Case 3: $$s_n \notin C(s_a) \text{ and } s_n \in C(s_b)$$
This case is the same with Case 2. $$s_a$$ and $$s_b$$ can be replaced without loss of generality.
Case 4: $$s_n \in C(s_a) \text{ and } s_n \in C(s_b)$$
This holds obviously by Propositon (1).
Therefore $$f$$ is commutative. □

Corollary 1. Switches can be toggled in any order. The final state will not be changed. By Lemma (1).

Definition 1. $$D_n = \{ s_m | s_n \in C_m \}$$
i.e. $$D_n$$ is the set of all switches such that toggling one of those switches will cause $$s_n$$ to be toggled also.

Definition 2. $$d_n = |D_n|$$
i.e. $$d_n$$ is the cardinality of $$D_n$$.

Definition 3. $$T_n$$ is the set of all switches that are toggled manually from $$t=0$$ to $$t=m$$.
By Proposition (1) and Corollary (1), such a set will be necessary and sufficient description of the game movements.

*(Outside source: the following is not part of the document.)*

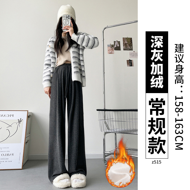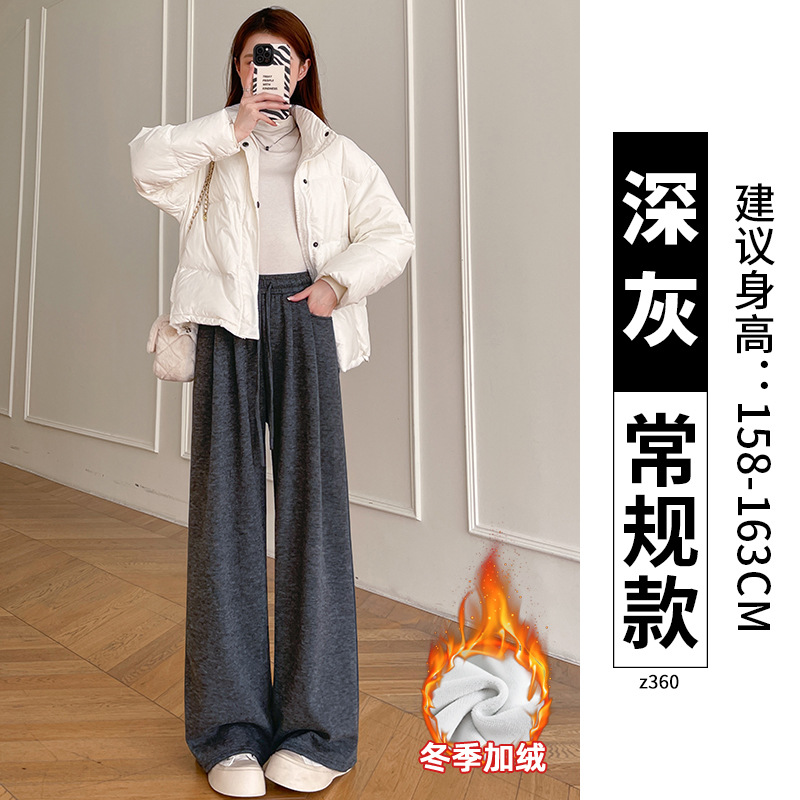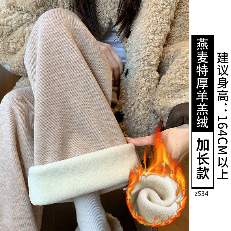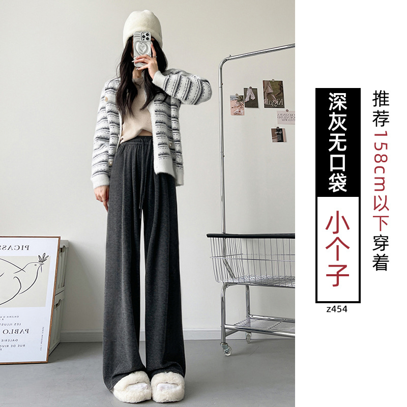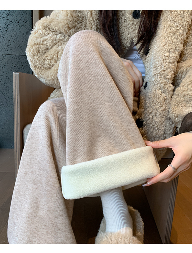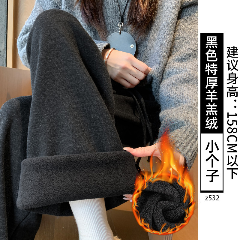 Женские брюки из овечьей шерсти и клейкого риса, новинка 2025 года, осенне-зимние, прямые, повседневные, на флисовой подкладке, утолщенные, для миниатюрных женщин, широкие штанины

Definition 4. $$x_n$$ is total number of times that $$s_n$$ is toggled manually.

Solution Modeling
Now we are modeling the solution as a linear equation system over a finite field $$GF(2)$$.
For each $$s_i \in S$$ there is exactly one equation such that:
$x_{k_1} + x_{k_1} + \dots + x_{k_n} = v_n^0$ where $${k_1} , {k_1} , \dots , {k_n}$$ are the indices of the switches $$s_k \in D_n$$

Such a reduction to linear equation system has complexity of $$\mathcal{O}(n^2)$$, and solution of that system is $$\mathcal{O}(n^3)$$.

##### Applying Solution to Example Game

Remember the example game instance above.
We have 3 switches: $$s_1, s_2, s_3$$.

$$v_1^0 = 1, v_2^0 = 0, v_3^0 = 0$$

$$C_1 = \{ s_1, s_2, s_3 \}$$
$$C_2 = \{ s_1, s_2 \}$$
$$C_3 = \{ s_2, s_3 \}$$

$$D_1 = \{ s_1, s_2 \}$$
$$D_2 = \{ s_2, s_3 \}$$
$$D_3 = \{ s_2, s_3 \}$$

Hence we have the equation system: $x_1 + x_2 = 1$ $x_1 + x_2 + x_3 = 0$ $x_1 + x_3 = 0$

With solutions:
$$x_1 = 1, x_2 = 0, x_3 = 1$$
Therefore, one should toggle $$s_1$$ and $$s_3$$ in order to complete the game.

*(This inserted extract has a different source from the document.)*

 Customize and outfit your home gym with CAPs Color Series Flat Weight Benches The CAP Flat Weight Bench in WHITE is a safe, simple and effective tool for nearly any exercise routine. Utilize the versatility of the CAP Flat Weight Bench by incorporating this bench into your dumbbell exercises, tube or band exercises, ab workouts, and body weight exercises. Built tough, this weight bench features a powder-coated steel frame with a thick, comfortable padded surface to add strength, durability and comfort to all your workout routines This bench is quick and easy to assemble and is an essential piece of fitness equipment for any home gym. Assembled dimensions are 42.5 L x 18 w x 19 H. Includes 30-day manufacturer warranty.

##### Uniqueness of The Solution

The solution is not necessarily unique. For example game configuration may lead to a equation system such as: $x_1 + x_2 = 1$ $x_1 + x_2 = 1$ Obviously there are two possible solutions in this case.
$$(x_1, x_2) = \{(0, 1), (1, 0)\}$$
However solution which has the minimum number of $$1$$'s in it is always optimal.

##### Proof of Optimality

The proposed solution is trivially optimal, because the system is defined over a finite field $$GF(2)$$, and therefore values of the $$x_n$$ is either zero or one. That is, there is no redundancy by Proposition (1).

Also if there is more than one solution of the equation system, the optimal solution of the equation system is the optimal solution of the game.

##### Existence of The Solution

The game instance has a solution if and only if generated linear equation system over a finite field $$GF(2)$$ has a solution.